What a Container Actually Does (and Doesn't Do)
Let's be precise about what a video container format actually is. A container is a wrapper. It packages video streams, audio streams, subtitles, chapter markers, and metadata into a single file. Crucially, it does not determine picture quality. Two files, one MP4 and one MKV, with identical H.264 video encoded at the same bitrate, will look exactly the same. The container's job is to determine what kinds of streams can be stored, how they're indexed for seeking, and which devices and software can read the file without complaining. MP4, or MPEG-4 Part 14, was standardized in 2001 and is based on Apple's QuickTime container. MKV, or Matroska Video, is an open-source project that appeared in 2002, created by developers who wanted a format with fewer restrictions. Neither format compresses video on its own. That job belongs to codecs like H.264, H.265, AV1, or VP9, all of which can live happily inside either container. This distinction is the source of endless confusion. People frequently blame the container when they really have a codec problem. If a video refuses to play on your smart TV, the issue might be that the TV doesn't support the HEVC (H.265) codec at all—not that you used MKV instead of MP4. Switching containers without re-encoding is useless for a codec incompatibility. What it *can* fix is a player that supports the codec but chokes on the container, which happens more often than you'd think.

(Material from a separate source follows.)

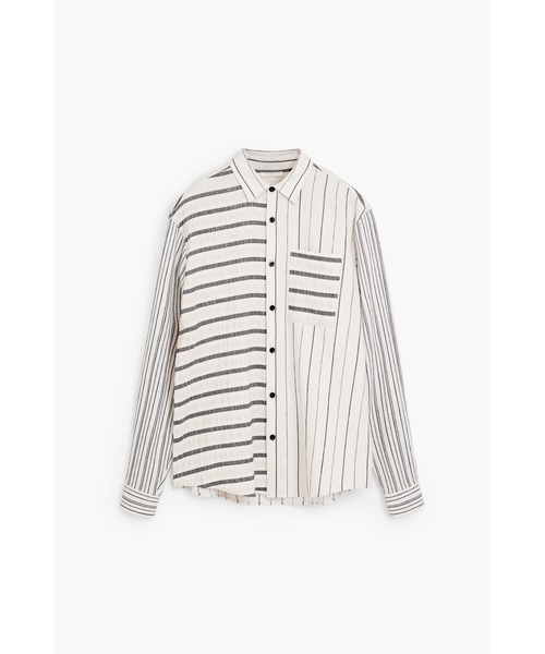 オフホワイトベースに、左右で異なるストライプパターンを配したアシンメトリーデザインの長袖シャツです。片側は太めのボーダーストライプ、もう片側は細かなピンストライプを組み合わせ、現代的でクリエイティブな印象を演出しています。胸ポケットも同様にストライプの切り替えデザインを採用し、細部に至るまでこだわりが光るアートピースのような仕上がり。レギュラーカラーとフロントボタンでクラシックなシャツディテールを保持しています。**********************生地の厚み:普通光沢感:なし透け感:なし重さ:普通伸縮性:なし**********************【スタッフ着用コメント】《スタッフ KANAME》身長:177cm/体重:60kg/体型:中肉中背/普段サイズ:L/着用サイズ:M177cmでMサイズを着用したところ、程よくジャストサイズで着用できました。アシンメトリーストライプが非常にユニークで、遠目には上品なシャツに見えますが近くで見ると個性的なディテールが楽しめます。シンプルなボトムスと合わせてデザインを主役にするスタイリングがおすすめです。※画像のモデルとコメントのモデルは異なります。**********************<商品のお気に入り登録>再入荷、残り1点などの通知を受け取ることが出来ます。・ブランドのお気に入り登録新商品や再入荷、ショップのおすすめニュースなど、いち早くブランドのお得な情報を受け取ることができます。※他のキャンペーンにより、期間中に価格が変動する場合があります。※セールは予告なく終了させていただく場合もあります。<information>・アイテムのお気に入り登録お気に入りした商品の入荷状況や、残り1点となった際の通知、セール情報などをお届けいたします。・ショップのお気に入り登録最新コレクションの入荷情報や品切れ商品の再販売、ショップニュースなど、さまざまな最新情報をご案内いたします。<Pick up>店舗取り置きサービスがスタートいたしました。ご注文の商品を最短即日、お近くの店舗でお受け取りいただけます。【Desigualデシグアル】 バルセロナ発のファッションブランド「Desigual(デシグアル)」は、スペイン語で"他とは違う"という意味を持つブランド名の通り、個性を大切にするメッセージを込めています。地中海をイメージしたカラフルな色使いやエキゾチックなパターンが特徴で、レディース・メンズ・キッズまで幅広く展開。自由で楽しく、カラフルで前向きな鮮やかなデザインで、本当の自分を表現できるファッションを提案しています。

Where MP4 Wins: Compatibility and Streaming
MP4's main strength is simple: compatibility. It has near-universal hardware and software support. Every major platform—iOS, Android, Windows, macOS, web browsers, PlayStation, Xbox, Roku, Apple TV, and most smart TVs—reads MP4 without extra apps. When your iPhone records a video, it saves an MP4 (or its close cousin, MOV). YouTube, Vimeo, Instagram, and TikTok all use MP4 as their preferred upload format. For web streaming, MP4 has a key structural advantage. It supports a feature called 'fast start' (or progressive download), which places the file's index—the moov atom—at the beginning. When you upload an MP4 to a CDN with fast start enabled, viewers can start watching immediately, before the entire file downloads. In FFmpeg, the flag for this is `-movflags +faststart`. Most video platforms do this for you, but it's essential knowledge if you're self-hosting video files. MP4 also plays nicely with editing software. Adobe Premiere Pro, Final Cut Pro, DaVinci Resolve, and iMovie all import and export MP4s natively, often without any transcoding. If you are delivering a finished video to a client, posting to social media, or sending a file to someone whose tech setup is a mystery, MP4 is the safe, professional default. Its only real limitation is that it's picky about what it can contain.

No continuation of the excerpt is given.